As I begin to wrap my mind around what Proposition 8 means for myself, my future relationships, my friends, and my country, I pause. Facebook status updates and blog posts were not enough to stave off Proposition 8, I cannot allow myself to believe that they will undo it. If history has anything to teach us, it is that great change does not come without great sacrifice--time, comfort, money, energy. Reaching out to Latino Catholics, Republicans in Central CA, Mormon neighbors, anti-gay co-workers, our sweet but uninformed grandparents, our cousins, even our vaguely supportive friends, and on and on; not with posters, stickers, signs or chants but with relationships and over shared meals and experiences. Deep connections, real enrollment. This is my plea to queer folks and our friends: do not update your Facebook status anymore about Prop 8, do not write another blog post about how insulted, offended, hurt, betrayed or disappointed you are. Take those feelings and that time and channel them toward the five million Californians who failed to connect with your humanity.
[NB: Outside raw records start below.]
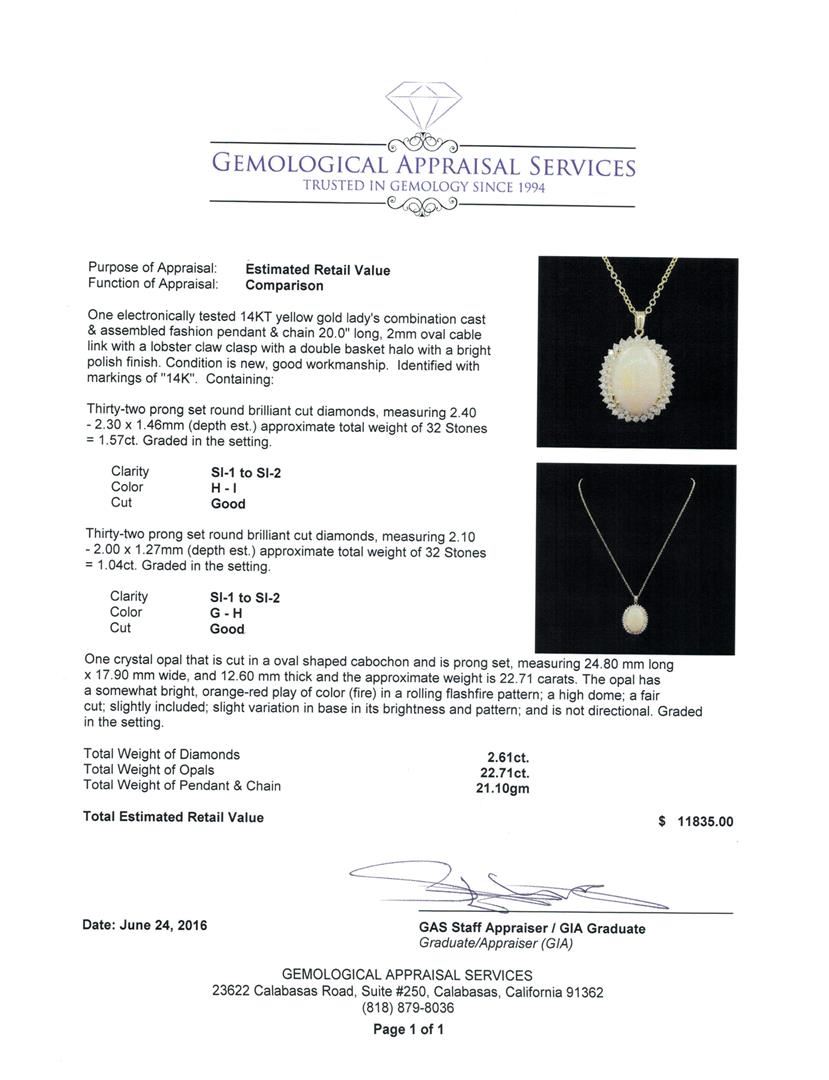 One electronically tested 14KT yellow gold lady's combination cast & assembled fashion pendant & chain 20.0" long, 2mm oval cable link with a lobster claw clasp with a double basket halo with a bright polish finish. Identified with markings of "14K". Condition is new, good workmanship. Containing: Thirty-Two prong set round brilliant cut diamonds, measuring 2.40 - 2.30 x 1.46mm (depth est.) approximate total weight of 32 Stones = 1.57ct. Graded in the setting. Clarity: SI-1 to SI-2. Color: H - I. Cut Good Thirty-Two prong set round brilliant cut diamonds, measuring 2.10 - 2.00 x 1.27mm (depth est.) approximate total weight of 32 Stones = 1.04ct. Graded in the setting. Clarity: SI-1 to SI-2. Color: G - Good One crystal opal that is cut in a oval shaped cabochon and is prong set, measuring 24.80 mm long x 17.90 mm wide, and 12.60 mm thick and the approximate weight is 22.71 carats. The opal has a somewhat bright, orange-red play of color (fire) in a rolling flashfire pattern; a high dome; a fair cut; slightly included; slight variation in base in its brightness and pattern; and is not directional. Graded in the setting. Total Weight of Diamonds 2.61ct. Total Weight of Opals 22.71ct. Total Weight of Pendant & Chain 21.10gm. GAS Appraised at $11,835.00.
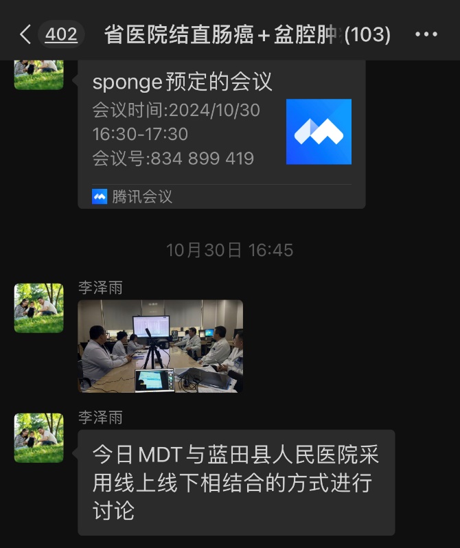 超声科学员关于经直肠腔内超声诊断操作及适应症与注意事项。余敏主任医师、靳荣辉主治医师在讨论中依据患者MRI与超声影像的分期,提出术前新辅助治疗的重要性及短程放疗对肿瘤局部控制的临床疗效。严翔主治医师提出患者肝脏左外叶存在可疑转移病灶,建议完善肝脏特异性钆色酸二钠造影剂增强MRI+DWI,并在术前进一步明确诊断及分期,做好基线数据对比。邱健主任总结强调疑难病例的特点及综合MDT讨论患者的后续检查治疗建议,并进行答疑解惑。
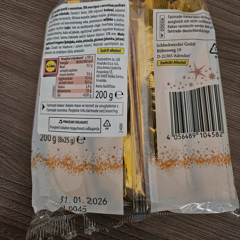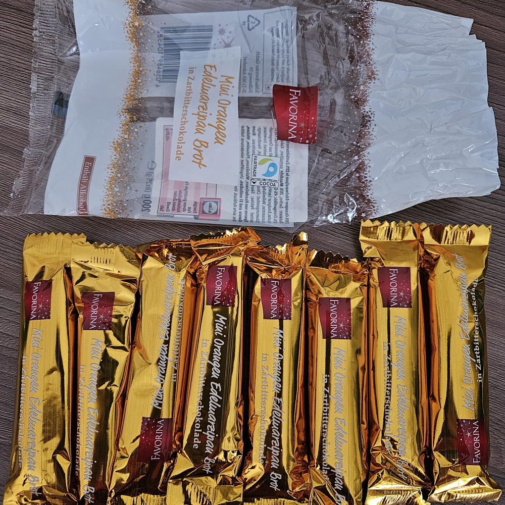 Favorina Марципан с печеньем в темном шоколаде «Mini Orangen Edelmarzipan Brot»
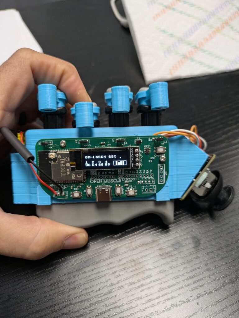 LASK4 v2.0 used four spring-loaded pistons with Hall effect sensors to measure individual finger curl force. Data was transmitted over UDP alongside timestamps for synchronization with the forearm sensor band.
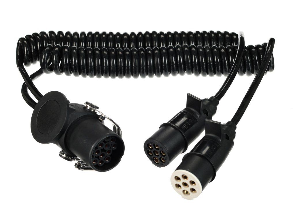 Propojovací spirálový adaptér z 15pin na 2x 7pin zástrčku (S+N) TRAILER CABLE 9, 24V, 3,5m SIXTOL SIXTOL SX1414
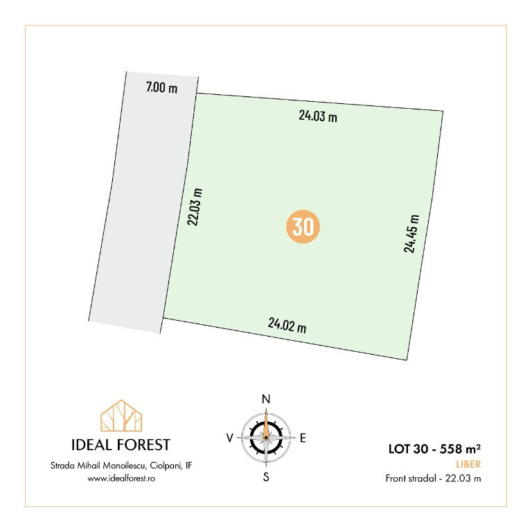 Vă oferim o oportunitate unică de investiție pe un teren situat în Izvorani,cu deschidere la padurea Snagov. Suprafață totala a terenului este de de 21774mp. Loturile au suprafete cuprinse intre 407si 730 mp, avand destinatia de teren curti constructii. Oferim spre vanzare lot 30 in suprafata de 558mp, front stradal 22,03m. Pretul afisat este promotional si include canalizare si apa, lucrari efectuate la fiecare parcela doar in incinta complexului, pana la poarta si drumul la nivel de piatra concasata. Acest teren are un potențial extraordinar, oferind posibilitatea unor constructii intr-o zona linistita,in continua dezvoltare, in jur aflandu-se la momentul actual si alte proprietati. Toate utilitatile la strada principala (curent,gaze, canalizare ) făcând din acesta o alegere excelentă pentru viitoarea dvs. locuință Cu o locație excelentă , este pregătit pentru a deveni baza unei investiții de succes. Pentru vizionari, oferte si alte detalii, puteti accesa site-ul .idealforest.ro sau telefonic.
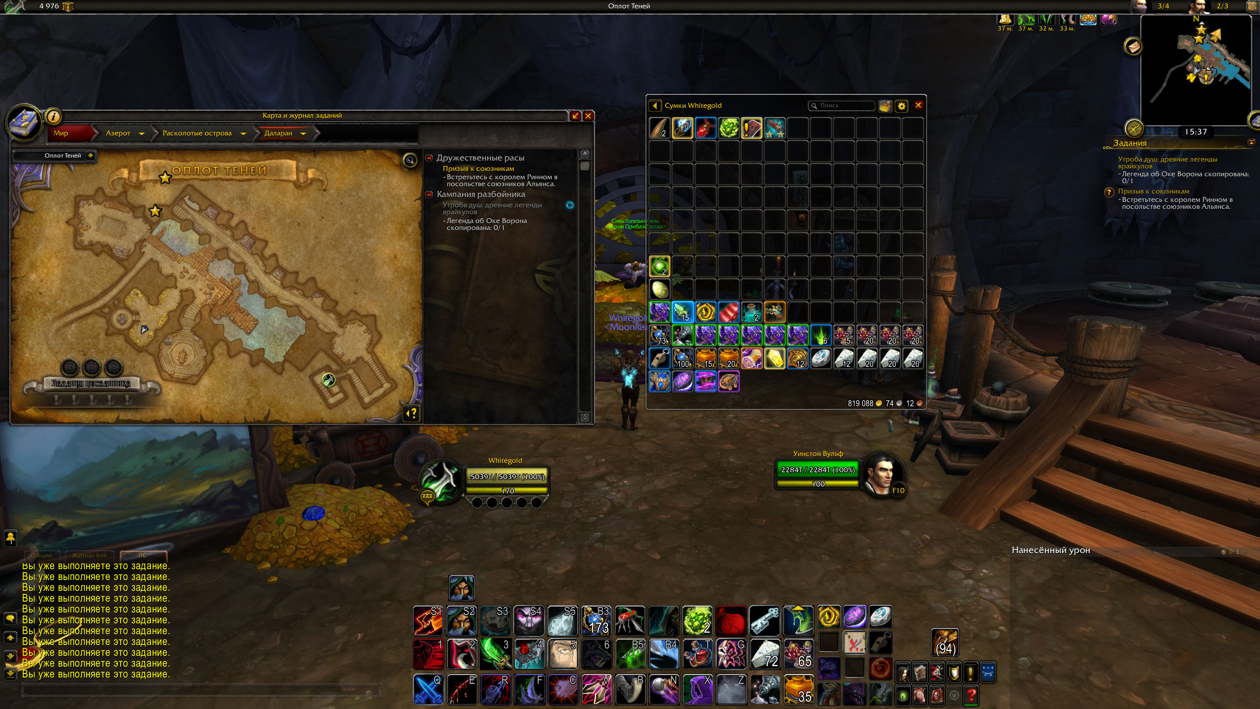 | Description | Первый раз когда выполняешь Ваучер хранилища он работает нормально, а когда получаешь второй Ваучер , нельзя активировать квест из инвентаря, пишет вы уже выполняете это задание, а этого задания нет в списке заданий. https://ru.wowhead.com/quest=44159/%D0%B2%D0%B0%D1%83%D1%87%D0%B5%D1%80-%D0%B4%D0%BB%D1%8F-%D0%B3%D0%BE%D0%B3%D0%B5%D0%BB%D1%8C%D0%BC%D0%BE%D0%B3%D0%B5%D0%BB%D1%8F /script DEFAULT_CHAT_FRAME:AddMessage("\124cffffff00\124Hquest:44159:10\124h[Ваучер для Гогельмогеля]\124h\124r"); | ||||
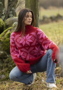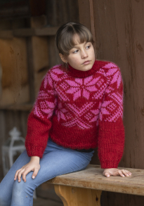Du kan selv endre farge i strikkepakken ; velg da først størrelsen du ønsker å strikke, så kommer det opp fargevalg nedenfor. NB! Oppskrift vil alltid leveres i strikkepakkens originale farge: Rosa og Hvit

This is what I am going to do:
- Write a card to all of my queer married friends in California, expressing my love and support
- Host a small group at my church to unpack the decision, convey its effects, and further the movement toward acceptance and advocacy within our denomination.
- Visit my elected officials to enroll their support for marriage equality in my state and return to visit as often.
Tuesday, November 04, 2008
I have an uncomfortable feeling in my stomach and it's not from the street food I just ate. This is not the first time anti-gay measures and amendments have been on the ballot, it may not even be the last. This time it hits closer to home. I've lived in California, in many ways I still have a life in California. But I think, even more than that, it feels like this current bliss may have been nothing more than a cruel joke.
I can't help but think of my friends Diana and Robin, as each "Yes" or "No" ballot drops in piles next to their altar, millions crashing their wedding reception to offer unwanted toasts or jests.
As the residents of California are being asked to vote on every relationship I've had and every one I might form, I have to ask myself "Am I on trial?" It's like being on Survivor or Big Brother or something ... will we be voted off the island? Of course, I don't weigh in my parent's marriage, or my cousin's, or John McCain's, or even Bradgelina's lack thereof. But today strangers thousands of miles away are weighing in on mine. They're telling me whether I will be safe and secure should I return, they're telling me how many of my close friends will be treated. It's weird.
My married friends will continue to be married in their hearts, families, and communities regardless of what happens today. How awful is that--that I need to remind myself that stripping rights from millions of citizens won't completely destroy them? Thousands of couples currently married in California may have that whisked away from them. Friends, my friends, my married friends making a life together, finally recognized and supported by the state may have the rug pulled out from under them. ... But they will be strong and persevere. We will support them anyway, I will support them.
I'm not sure how I'm supposed to act. Confident that Prop 8 will be defeated? Defiant that a law can't undo my humanity? Embarrassed that our country in general and my former state in particular are even considering this measure? Scared that it might pass? Anxious that my relationship is on the line?
Perhaps in this moment I am supposed to find strength and faith. Strength to make sure this doesn't happen in other states. Strength to support my friends regardless of outcome. Strength to trust myself and my relationships. Strength to have tough conversations. And faith to know that whatever the outcome, I am good.